# Latest Hoffman review on the Solo, call it what you want



## 4085 (Nov 23, 2012)

Is it a Niche killer?


----------



## MediumRoastSteam (Jul 7, 2015)

Best bit:

Static when you don't use RDT:

View attachment 58014


----------



## 4085 (Nov 23, 2012)

Difficult to really interpret. Despite the obvious similarities, seems daft comparing it to the Niche, which always is and was the finished article. Think to sum up, if you can live with its idiosyncrasies then do so.....


----------



## ajohn (Sep 23, 2017)

dfk41 said:


> idiosyncrasies


 They are rather more than that - hence him mentioning modifications.


----------



## 4085 (Nov 23, 2012)

ajohn said:


> They are rather more than that - hence him mentioning modifications.

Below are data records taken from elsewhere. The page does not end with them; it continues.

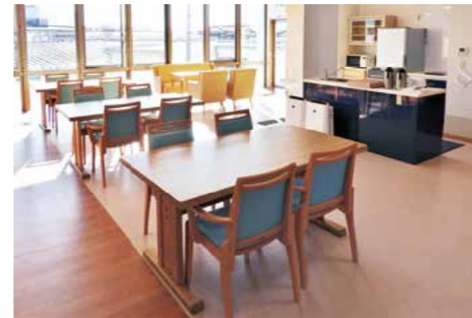
ユニット共同生活室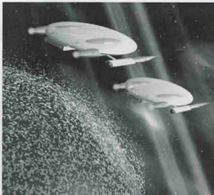
宇宙旅行にも簡単にいける時代がくるのかなあ？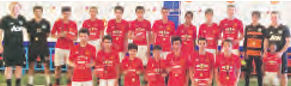
صورة جماعية في ختام الاختبارات

باختبار 32 لاعباً من ضمن أكثر من 700 مشارك، تم اختيارهم على مدى يومين لتأهيل أفضل 16 لاعباً سيعلن عنهم قريباً ليفوزوا بفرصة الالتحاق بالبرنامج التدريبي في أكاديمية مانشستر يونايتد خلال موسم الصيف في إنكلترا.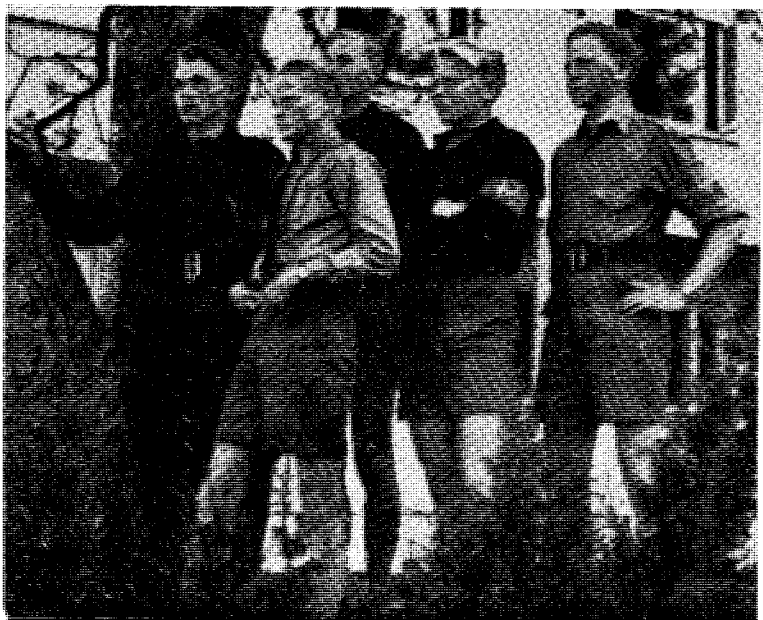
Norske ungnasjonalister — anno dazumal.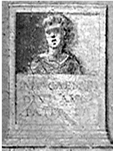
Fig. 4. G. BELLINI, Pala di Pesaro, Predella di San Terenzio, Olio su tavola, 40×36 cm, 1471-1474 (particolare).

Il testo non pare trovare una totale corrispondenza con epigrafi note, a meno di non apportare, come vedremo, alcune modifiche, e presenta, come forse quello del disegno del Louvre e del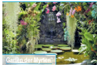
Gärten der Myrten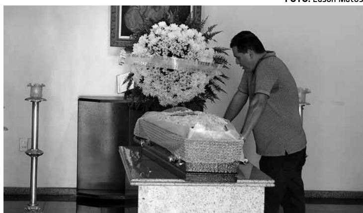
Jornalista e publicitário morreu domingo, no Hospital Samaritano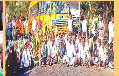
రోడ్డుపై టైతాయింబిన రైతులు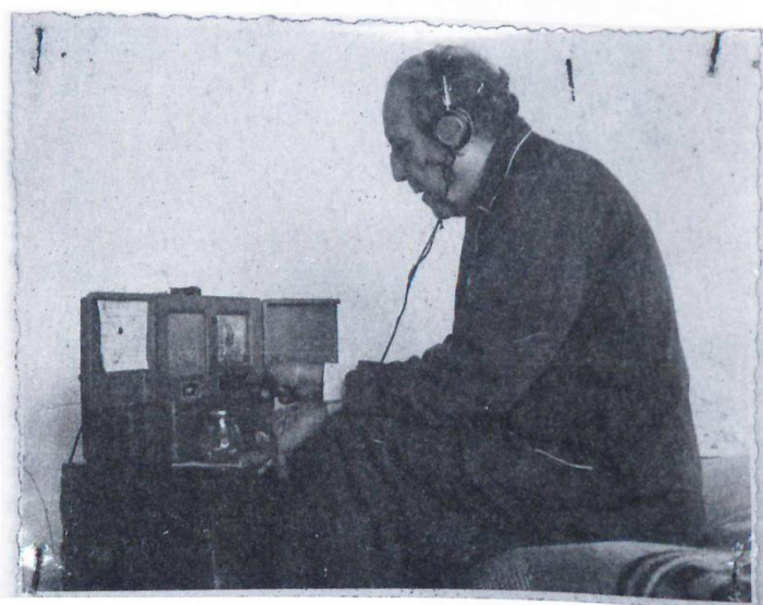
Figura 5 – Edgar Roquette-Pinto ouvindo rádio. Fotografia desconhecida, sem data

Em 1912, integrou uma expedição organizada pela Comissão Rondon em direção à Serra do Norte, que tinha como objetivo principal a expansão das linhas telegráficas pelo país. Dessa expedição, o pesquisador trouxe, além de anotações, fotografias e filmagens, dezessete cilindros de cera realizados com um fonógrafo Edison, quatorze dos quais continham gravações de músicas de indígenas Paresís e Nambikwaras (Pereira; Pacheco, 2008).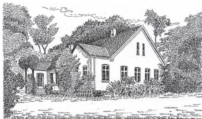
Birkemosegårds hovedbygning. Tegnet af Ellen Valentin.

Birkemosegård var omtalt i Slægtsgårdsbladet nr. 355.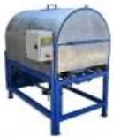
Desactivado de Soya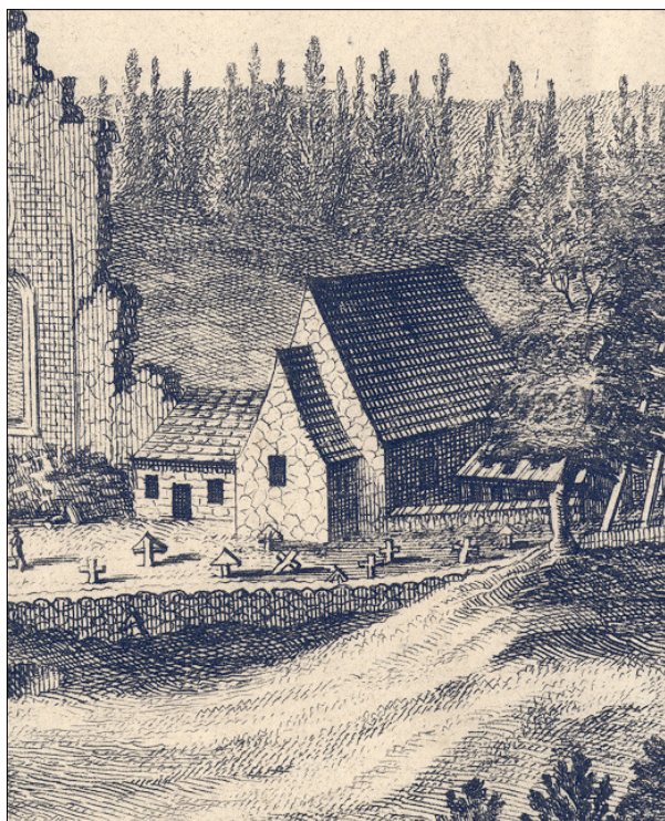
Bondkyrkan så som den avbildades på 1690-talet när Erik Dahlberg gjorde teckningar till Suecia Antiqua. Även sidobyggnaden söder om koret finns här avbildad, liksom en nu försvunnen utbyggnad på norra sidan. Hela kapellet är vid denna tid i gott skick. Detalj ur Suecia Antiqua i Jönköpings läns museums samlingar.

byggnad som kallas "klosterstallet" av okänd ålder. C:a hundra meter söder om anläggningen ligger Nydala herrgård. Godset som senare blev säteri bildades som en följd av reformationen, den nuvarande herrgårdsanläggningen uppfördes omkring 1790-1800 och föregicks av en karolinsk huvudbyggnad från 1600-talets mitt. Herrgårdsanläggningen inreddes till skola 1946 och drevs som sådan fram till 1969. Idag används den för olika ändamål och flyglarna som privatbostäder.

 I was being kind! It is what it is, not what it could be.


----------



## Rob1 (Apr 9, 2015)

"If you don't like chaff in your coffee that's great, because it's all stuck to the grinder". Grinder and chaff collector in one.


----------



## ajohn (Sep 23, 2017)

He should have been harder on it really. I know exactly what I should have done with mine within a couple of days of using it. Sent it back. How ever some people have a tendency to tinker if things aren't working as they should.  I'm one. Currently I have a so so grinder. Sort of ok but need to be careful about what beans I grind with it. Pop corning still to do. He mentions regrinding - yes and that can get considerable - starts producing grinds that are more like it would produce with the hopper on at the same setting. Did he show an espresso dose being ground???? Odd omission but maybe I missed it.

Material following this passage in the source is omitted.